Он ведь запретил себе думать о войне сегодня ночью. Ему можно. Другие офицеры с праздничного ужина отправились в свои подразделения, а он остался. Он ранен в бедро. И его роты больше нет. На днях последние ее крохи ссыпали в сводный батальон, которым командование пыталось залатать оборону едва ли не на противоположной стороне кольца... далее судьба батальона неизвестна. Впрочем, угадать её не составляет труда.

Так что, в это Рождество лейтенант мог позволить себе не думать о войне. О чём угодно - например, о трёхлетней давности сочельнике, ещё в кругу семьи: свечи, уют, хрусткая накрахмаленная скатерть; сияние серебра и "Тихая ночь, святая ночь" из радиоприемника. Счастливые глаза - светятся в жаркой полутьме...

Не получалось.

Сегодня тоже передавали "Тихую ночь", это было чудесно, слёзы наворачивались, но потом диктор объявил: "Только что вы слышали Сталинград!", следом выступил рейхсминистр - про "поворотный момент" и про то, что "судьба давно уже испытывает нас, действительно ли мы призваны руководить миром", - но это было уже неважно. Волшебство рухнуло.

(Друг лейтенанта Конрад, батальонный врач, до армии изучал поведение животных и мечтал вернуться к исследованиям после войны. "Это достойно отдельной отрасли науки! - восклицал он, рассказывая о своих цихлидах и кваквах. - Представляешь, точнейшие механизмы Природы регулируют проявления внутривидовой розни так, чтобы, с одной стороны, агрессия - несомненно нужный для сохранения вида атрибут - не исчезла, и, с другой стороны, - не привела бы вид к самоистреблению!"

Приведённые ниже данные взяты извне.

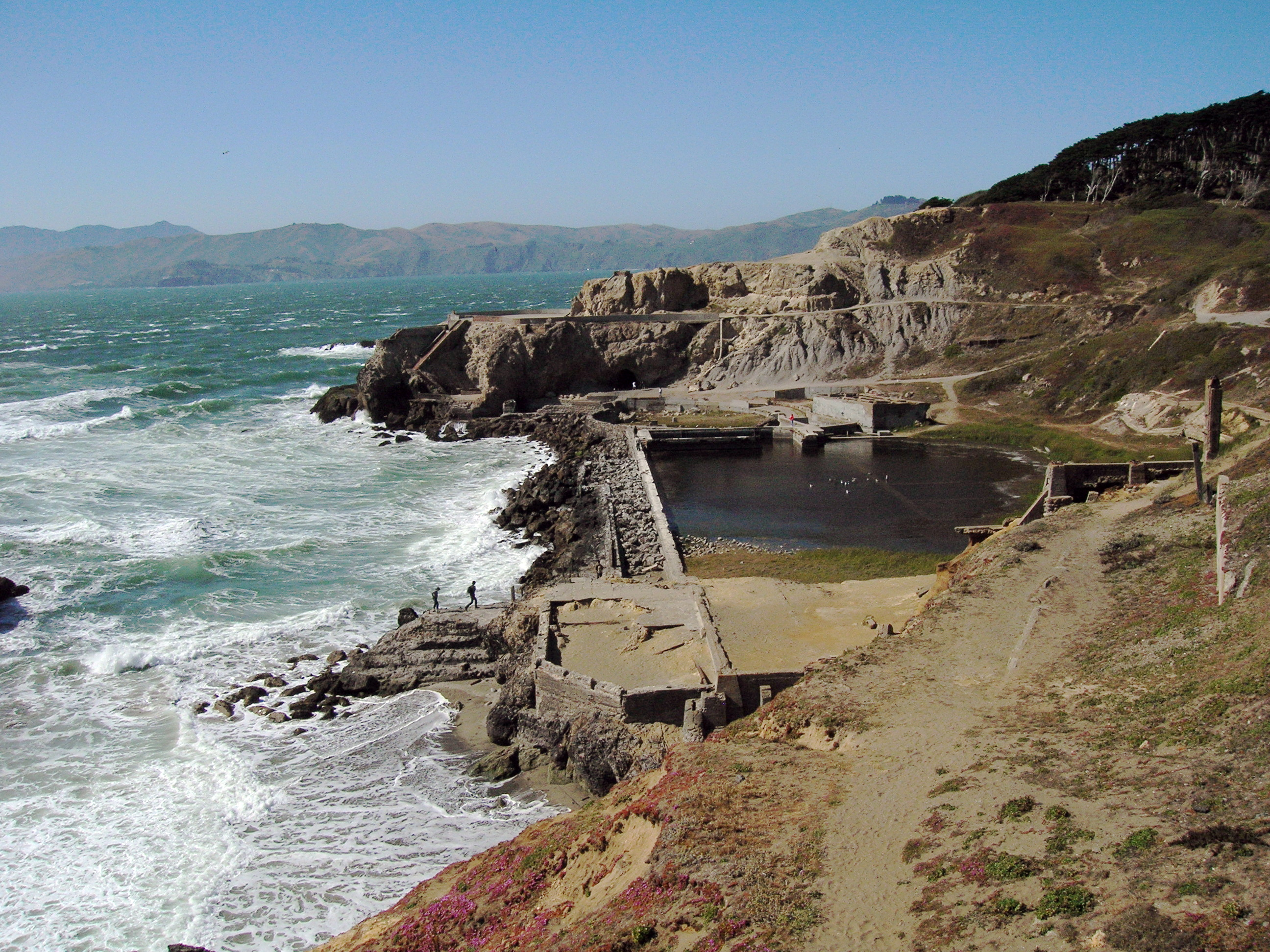 Sutro Baths was a privately owned swimming pool in San Francisco, California that was built in the 19th century. It is today abandoned.

"Поведению животных, - говорил Конрад, - присущи сложные ритуалы, направляющие агрессию отдельной особи в полезное для сообщества русло. Я бы осмелился назвать их - только не смейся - аналогом человеческой морали".

"Скажешь тоже!" - смеялся лейтенант.

"Во всяком случае, их поведение дает нам достаточно пищи для раздумий", - отвечал Конрад.

Накануне он пропал без вести. Такая вот мораль.)

...В конце концов, не стоит поддаваться отчаянию: уже месяц они сражаются в окружении, и достойно сражаются; и сам фельдмаршал ведёт им на выручку танки вдоль калмыцких степей; осталось потерпеть день-другой - уж слышен гром артиллерии там, где остриё деблокирующего удара рвёт кольцо; и нынешняя его, лейтенанта, хандра - это просто усталость и утеря товарища, досадное ранение и воспоминания о доме - далеко-далеко...

Словом, нет повода для отчаяния. Разве что - слишком частая канонада там, на юге...

Лейтенант обнаружил, что уже вечность одиноко сидит над чистым листом, не в силах ни закончить предыдущую фразу, ни начать новую, а снаружи воет и воет ветер, и песок - хотя обстрел прекратился - все сыплется и сыплется сверху, образуя холмики вокруг блокнота. Это тяготило, и потому - когда по ступенькам блиндажа торопливо шаркнули шаги, и дверь стукнула, впустив сквозняк и тут же прищемив ему хвост, - лейтенант испытал облегчение.

- Танки... прорвались!.. - выдохнул вбежавший.

Лейтенант обернулся.

У входа топтался солдат - в снегу с головы до ног, точно выпавший из саней Санта Клаус.

Лейтенант улыбнулся метафоре и подумал - мельком - что воин, похоже, из новичков, der Neuberufene, раз его смог напугать случайно прорвавшийся танк. Серьёзный прорыв на их участке невозможен. Слишком грамотно для "иванов" выстроена тут система огня.

Да и сверху - ни звука, свидетельствующего о горячем бое. Вообще - ни звука сверху.

- Ёп... - растерянно сказал вдруг солдат, хлопая заснеженными ресницами, и в следующий миг лейтенант уже рвал из кобуры "вальтер": солдат - валенки, ватные штаны, изодранная фуфайка, перетянутая широким ремнём, - был врагом.

Он тоже вскинул своё оружие, но лейтенант - целя в середину круглого лица, - успел первым.

Отчётливый металлический стук бойка о капсюль.

Осечка.

На второй выстрел времени нет: пистолет-пулемёт "ивана" смотрит прямо в грудь, палец с обломанным ногтем напрягается под спусковой скобой; лейтенант судорожно ищет в памяти лица тех, кого любил в своей недолгой, в общем-то, жизни; он знает, что в смертный миг они всегда тут как тут... - но сейчас его память странно пуста, даже лица матери нет...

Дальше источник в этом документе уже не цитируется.